On the other hand, Pepsi’s 2017 commercial referencing the Black Lives Matter movement endured widespread public backlash and was almost immediately pulled from the airwaves. The ad showed model Kendall Jenner at a protest of unknown intent, where she uses a can of Pepsi to dispel tension between protestors and police.
This campaign is considered a prime example of missing the mark in terms of communicating a genuine message relating to a social issue. Rather than doing anything to help the movement, Pepsi was perceived to have trivialized it. The ridicule on social media that the campaign received shows that jumping on the bandwagon with a social issue is not a good look. “Woke-washing” is seldom tolerated by the public and likely won’t improve company image or revenue.
Gillette waded into controversy with their marketing campaign responding to the #MeToo movement in 2019, which they used to debut a new tag line, “The Best Men Can Be”. The ad depicts scenes of negative male behavior such as sexual harassment and bullying, before these actions are stopped by other men later in the piece.
This bold move of addressing such a challenging issue did not work in Gillette’s favor. The ad was met at first with equal parts praise and criticism, but later studies showed that Gillette’s brand perception declined in the wake of the ad. The original YouTube video currently has 1.6 million dislikes.
Despite a well executed piece of advertising, and a realitively straightfoward and safe message, the takeaway for most men was that Gillette harbored disdain for their target market. This caused damage to the brand, and makes “The Best Men Can Be” a cautionary tale about the risk of charged social messaging. Even a message as simple and seemingly agreeable as “we should be nicer to each other” can be off-putting to some customers.
It may seem safer to simply avoid speaking about or acting on controversial issues to avoid backlash, but even this can lead to negative consequences. In 2017, over 200,00 Uber users deleted the app to protest the company’s inaction over Trump’s immigration ban. While the New York Taxi Alliance halted its services to JFK Airport in protest over the ban, Uber instead ignored protestors’ calls to stop servicing the airport and reduced their prices in the area by turning off surge pricing.
Weighing in on social issues is increasingly expected by engaged consumers, and not speaking up at all is starting to bring its own risks including boycotts and losing customer loyalty. However, speaking up in an inauthentic way can have serious risks. Therefore, companies should proceed with caution, and analyse the social issue against their own company beliefs.

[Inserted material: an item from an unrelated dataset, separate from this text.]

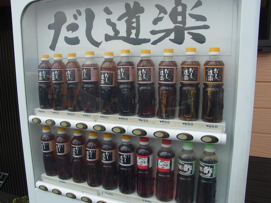 白い自販機に、一見、ウーロン茶のようなペットボトルが並んでいます。すべて「だし」です。商品名は「だし道楽」。

Can a company back up its claims with actions? Are their affairs in order regarding the issue, or will they be seen as hypocritical? Will making a stand on this issue alienate a key group of customers or investors? Can they speak on the issue eloquently, and are they educated enough on the issue to do so? These are all questions to consider before taking any action, and there is no one-size-fits-all approach. When done right, there is much to gain from brand activism, but when approached in the wrong way, it can lead to a nasty fall.